Cross-fitting tunes $\lambda$ on held-out folds so a fold’s own labels are not used to tune the $\lambda$ applied to its paired correction. We compare the non-cross-fitted tuner against tune_lambda_ability_risk_crossfit (MML per-fold tuning, scalar-mean MML final fit) on selected $\lambda$, item-parameter bias, coverage, and held-out RMSE.

Cross-fitted vs non-cross-fitted tuning (100 reps, R1/R2/R4).
label	lambda_nocf	lambda_cf	bias_a_nocf	bias_a_cf	rmse_nocf	rmse_cf	cover_nocf	cover_cf
R1 perfect (F=Y)	0.750	0.858	0.0104	0.0100	1.4923	1.4927	0.954	0.949
R2 same-DGP draw	0.119	0.135	0.0250	0.0258	1.5005	1.5005	0.954	0.956
R4 LLM shift	0.100	0.115	0.0374	0.0372	1.5027	1.5029	0.953	0.956

Cross-fitting does not change observed behavior in these simulations, but guards against finite-sample bias. Item-parameter bias, held-out RMSE, and 95% Wald coverage are essentially identical between the non-cross-fitted and cross-fitted tuners (differences in the fourth decimal). Because the downstream quantities are unchanged, the cheaper non-cross-fitted tuner carries value for intermediate testing and exploration, but prefer cross-fitting for final model fitting.

Is coverage valid at the tuned $\lambda$?

Scenario 2 validated the covariance formula at a fixed $\lambda$, but the $\lambda$ we use is estimated from data, and vcov() treats $\lambda$ as fixed. As such, it does not propagate the uncertainty in $\hat{\lambda}$ into $\hat{\Sigma}_\gamma$. Additionally, choosing $\lambda$ on the same data used to estimate the item parameters induces finite-sample bias in those estimates (and, in principle, anti-conservative intervals). Split-sample (cross-fit) $\lambda$ estimation removes that bias.

This scenario measures the size of the effect by comparing coverage of the true item parameters at three operating points: fixed $\lambda$ = 0.5, the same-data tuned $\hat{\lambda}$ with vcov(best_fit), and the cross-fit tuned $\hat{\lambda}$ with vcov(final_fit). It reuses the Scenario 2 seeds, so the fixed-$\lambda$ column reproduces Scenario 2 exactly.

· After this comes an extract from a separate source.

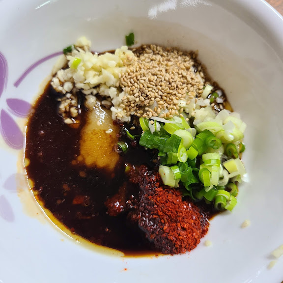 (다진마늘 1큰술, 간장 4큰술, 고춧가루 1/2큰술, 올리고당 1큰술, 깨소금 1큰술, 설탕 1큰술, 다진파 1큰술, 참기름 1/2큰술)

95% coverage rates of the true item parameters at the fixed, same-data-tuned, and cross-fit-tuned λ (200 reps). lambda_sd / lambda_xf are the mean selected λ for each tuner.
label	lambda_sd	lambda_xf	fixed_95	samedata_95	crossfit_95
R1 perfect (F=Y)	0.751	0.859	0.955	0.955	0.953
R2 same-DGP draw	0.116	0.135	0.957	0.956	0.956
R3 independent noise	0.053	0.074	0.961	0.958	0.958
R4 LLM shift	0.103	0.130	0.954	0.958	0.958

And the matching item-parameter (discrimination) bias:

Mean discrimination bias E[a-hat - a] at each operating point. Same-data vs cross-fit differ by <= 0.001 except R1.
label	bias_a_fixed	bias_a_samedata	bias_a_crossfit
R1 perfect (F=Y)	0.0097	0.0063	0.0051
R2 same-DGP draw	0.0280	0.0224	0.0222
R3 independent noise	0.0365	0.0286	0.0289
R4 LLM shift	0.0207	0.0159	0.0166

Takeaways.

Same-data tuning produces nominal coverage (95% coverage 0.955–0.958), and the finite-sample bias is small: same-data vs. cross-fit discrimination bias differ by $\leq 0.001$ in every regime except R1.
Cross-fitting removes bias in the perfect predictor (R1), but this bias is small.
Cross-fitting gives the same coverage (0.953–0.958) while also guarding against finite-sample tuning bias.

Cross-fitting is the principled default, despite the same-data tuning performing well. It is guaranteed free of the finite-sample tuning bias.

Summary

Question	Result
Does $\lambda$-selection track predictor quality?	Yes: better predictors select higher $\lambda$
Do standard errors achieve appropriate coverage?	Yes: nominal coverage, including under a biased predictor (R3/R4)
Does the method improve downstream scoring?	No average harm demonstrated and per-rep improvement in about half of reps
What is the role of cross-fitting?	Cross-fitting removes finite sample bias, despite reporting similar bias/RMSE/coverage
Is coverage valid at the tuned $\lambda$?	Yes

Reproducing these results

From the package root (second argument is the number of cores):

# Rscript simulations/run_lambda_selection.R 100 8
# Rscript simulations/run_coverage.R 200 8
# Rscript simulations/run_downstream.R 100 8
# Rscript simulations/run_crossfit.R 50 8
# Rscript simulations/figures.R

See simulations/README.md for the full design, the deterministic per-task seeding (results are identical serially or in parallel), and interpretation notes.